Los resultados de este estudio muestran que: 1) el iloprost reduce la lesión renal inducida por la IR aórtica en ratas y 2) el iloprost regula a la baja la expresión de las moléculas de adhesión tanto a nivel local como sistémico tras la IR aórtica durante este efecto protector. Las pruebas a partir del estudio actual que apoyan estas conclusiones se resumen del siguiente modo: 1) los análisis bioquímicos mostraron que el iloprost redujo la peroxidación lipídica, el estrés oxidativo, y las concentraciones plasmáticas de moléculas de adhesión y 2) la evaluación histológica mostró que el iloprost atenuó los cambios histológicos asociados a la lesión renal tras la IR aórtica y reguló a la baja la expresión local de las moléculas de adhesión en muestras de tejido renal.

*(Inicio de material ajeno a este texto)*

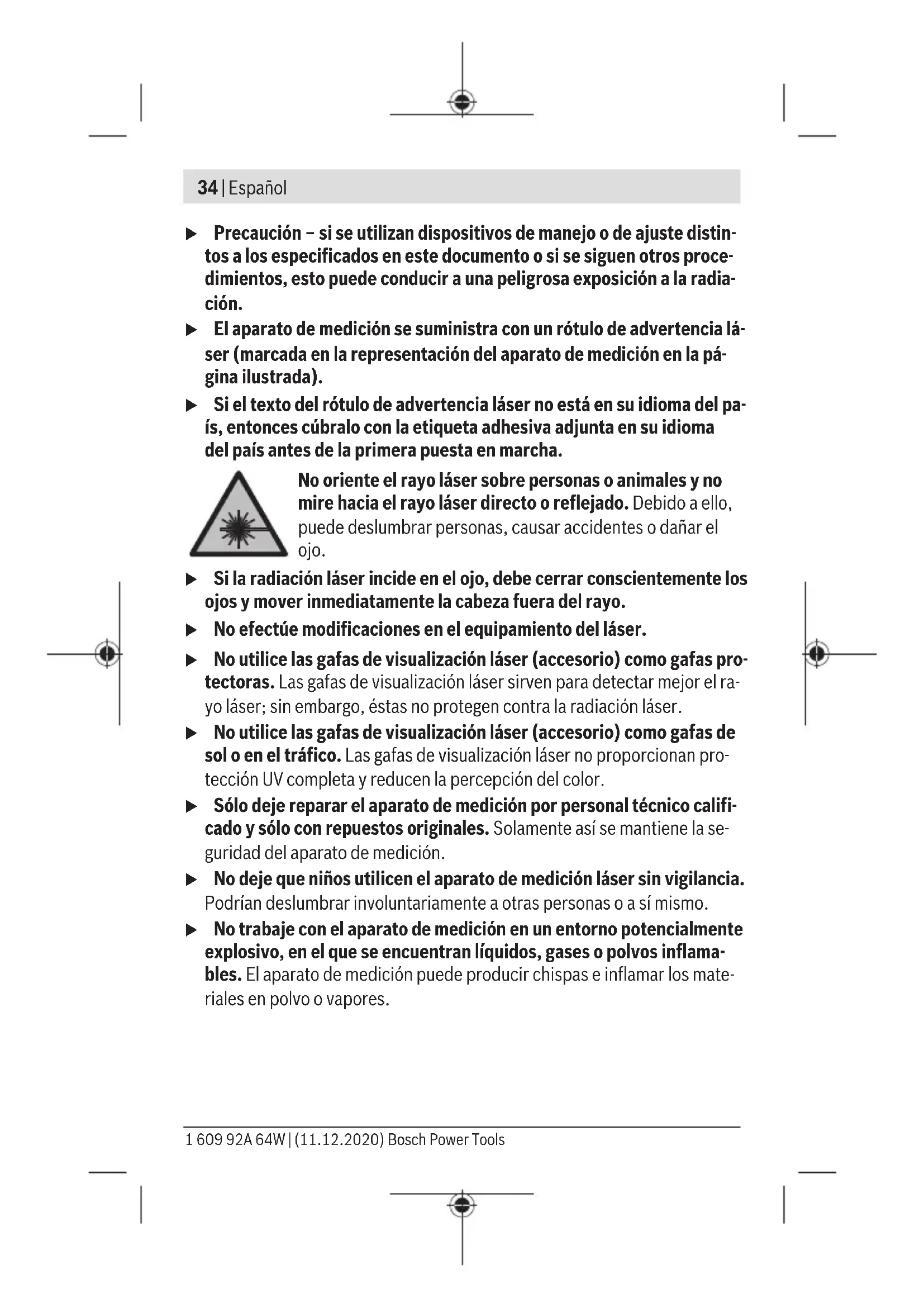 con 20–25°C C) Los valores indicados asumen condiciones ambientales normales a favorables (p. ej. sin vibraciones, sin niebla, sin humo, sin luz solar directa). Tras fuertes fluctua- ción de temperatura pueden generarse desviaciones de precisión. D) Sólo se produce un ensuciamiento no conductor, sin embargo ocasionalmente se espera una conductividad temporal causada por la condensación. Para la identificación unívoca de su aparato de medición sirve el número de referencia (11) en la placa de características. Montaje Colocar/cambiar las pilas Para el funcionamiento de la herramienta de medición se recomiendan pilas alcalinas de manganeso. Para abrir la tapa del compartimiento de pilas (9) presione la retención (12) en sentido de la flecha y quite la tapa del compartimiento de pilas. Inserte las pilas que se adjuntan. Observe en ello la polaridad correcta conforme a la representación en el la- do interior del compartimiento de pilas. Al descargarse las pilas, las líneas láser parpadean por unos segundos con un ciclo rápido. Reemplace siempre simultáneamente todas las pilas. Utilice sólo pilas de un fabricante y con igual capacidad. u Retire las pilas del aparato de medición, si no va a utilizarlo durante un periodo largo. Si las pilas se almacena durante mucho tiempo en el aparato de medición, pueden corroerse y autodescargarse. Operación Puesta en marcha u Proteja el aparato de medición de la humedad y de la exposición di- recta al sol. Bosch Power Tools 1 609 92A 64W | (11.12.2020)38 | Español u No exponga el aparato de medición a temperaturas extremas o fluc- tuaciones de temperatura. No la deje, por ejemplo, durante un tiempo prolongado en el automóvil. En caso de fuertes fluctuaciones de tempera- tura, deje que se estabilice primero la temperatura de la herramienta de medición antes de la puesta en servicio. Las temperaturas extremas o los cambios bruscos de temperatura pueden afectar a la exactitud del apara- to de medición. u Evite que el aparato de medición reciba golpes o que caiga. Los daños en la herramienta de medición pueden afectar a la precisión de los resul- tados. Después de un impacto violento o caída, compare la línea del láser con una línea de referencia horizontal o vertical conocida para su control. u Desconecte el aparato de medición cuando vaya a transportarlo. Al desconectarlo, la unidad del péndulo se inmoviliza, evitándose así que se dañe al quedar sometida a una fuerte agitación. Conexión/desconexión Para conectar el aparato de medición, desplace el interruptor de conexión/ desconexión (4) hacia arriba. Inmediatamente después de la conexión, el aparato de medición proyecta dos líneas láser desde las aberturas de salida (5). Para desconectar el aparato de medición, empuje el interruptor de cone- xión/desconexión(4) hacia abajo sobre la abertura de salida(5). u No deje sin vigilancia el aparato de medición encendido y apague el aparato de medición después del uso. El rayo láser podría deslumbrar a otras personas. Nivelación automática Coloque el aparato de medición sobre una superficie horizontal y sólida, fíje- lo al soporte(16) o al trípode(6). Para trabajar con la nivelación automáti- ca, la parte inferior del aparato de medición debe estar horizontal y con el alojamiento del trípode(8) orientado hacia abajo. Tras la conexión, la nive- lación automática compensa automáticamente los desniveles dentro del margen de autonivelación de ±4°. La nivelación se ha finalizado, una vez que ya no parpadeen las líneas láser. Si no es posible trabajar con nivelación automática, p. ej. debido a que el la- do inferior del aparato de medición diverge más de4° de la horizontal o el aparato de medición se sujeta libremente en la mano, entonces parpadean permanentemente las líneas láser con un ciclo lento y el aparato de medición 1 609 92A 64W | (11.12.2020) Bosch Power ToolsEspañol | 39 trabaja sin nivelación automática. Las líneas láser permanecen conectadas, no obstante, las dos líneas en cruz ya no están obligatoriamente en ángulo recto entre sí. Para garantizar, que las dos líneas láser sigan en ángulo recto entre sí, posicione el aparato de medición ortogonalmente con respecto a la pared. En el caso de vibraciones o modificaciones de posición durante el servicio, el aparato de medición se nivela de nuevo automáticamente. Tras una nueva nivelación, verifique la posición de la línea láser horizontal o vertical en cuanto a los puntos de referencia, para evitar errores debido a un desplaza- miento del aparato de medición. Instrucciones para la operación u Utilice siempre sólo el centro de la línea láser para marcar. El ancho de la línea de láser cambia con la distancia. Fijación con el soporte (verfiguraA) Con la ayuda del soporte(16) puede fijar el aparato de medición a varios ob- jetos con un espesor de 10 hasta 60mm, p. ej. en tablas o tubos verticales o horizontales. Suelte el tornillo de fijación(15) del soporte, coloque el soporte en el lugar deseado y apriete de nuevo el tornillo de fijación. Coloque el aparato de medición con el alojamiento del trípode(8) sobre el tornillo de 1/4"(13) del soporte y apriételo con fuerza moderada en el so- porte. No apriete demasiado el aparato de medición para evitar que se dañe. Nivele el soporte de forma aproximada antes de conectar el aparato de me- dición. Para ello, suelte el tornillo de sujeción(14) del soporte. Mueva el aparato de medición a la altura deseada en una posición horizontal (con el alojamiento del trípode(8) hacia abajo). Apriete de nuevo el tornillo de fija- ción. El aparato de medición también lo puede fijar con la placa de adaptación(3) sobre el soporte. Trabajos con el trípode (accesorio) Un trípode ofrece una base de medición estable y regulable en la altura. Co- loque el aparato de medición con el alojamiento del trípode de 1/4" (8) so- bre la rosca del trípode (6) o de un
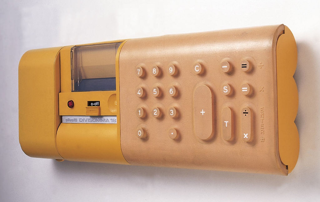 With the intent to design a piece of “totally humanized” office technology, Bellini attracted a new breed of consumer with the Divisumma 18 calculator’s colorful, tactile form. The stylish design made use of revolutionary synthetics like ABS plastic, melamine resin, and an inviting rubberized skin covering the keyboard buttons. Produced in a bright golden hue, it sat smartly on desks as a reminder of the sense of play that design could bring to even the most formal environments.

Numerosas pruebas sugieren que los leucocitos desempeñan un papel clave en la mediación de las lesiones en órganos remotos tras la IR aórtica1-3,8. La lesión de IR mediada por los leucocitos es un proceso bien ordenado caracterizado por la activación leucocitaria, la quimiotaxis, la adhesión de los leucocitos a las células endoteliales, y la transmigración7-10,25. Además, los leucocitos interactúan con el endotelio vascular a través de una serie de pasos diferenciados, y todos estos pasos están facilitados en forma de cascada por las moléculas de adhesión. El paso inicial es la captura o amarre de los leucocitos circulantes, que se caracteriza por una adhesión laxa o ‘‘rodamiento'’ de los leucocitos en el endotelio. Este primer paso se produce por la activación de la L-selectina en los leucocitos y la rápida movilización de la P-selectina preformada hacia la superficie de las células endoteliales9. La IR aumenta la expresión de la P-selectina en la superficie endotelial10, y se ha descrito un aumento notable de la tinción de la P-selectina en el tejido renal de rata sometido a IR26. Coincidiendo con este informe, tanto las concentraciones plasmáticas de P-selectina como la expresión local de P-selectina y L-selectina aumentaron en el tejido renal en el grupo IR aórtica de nuestro estudio.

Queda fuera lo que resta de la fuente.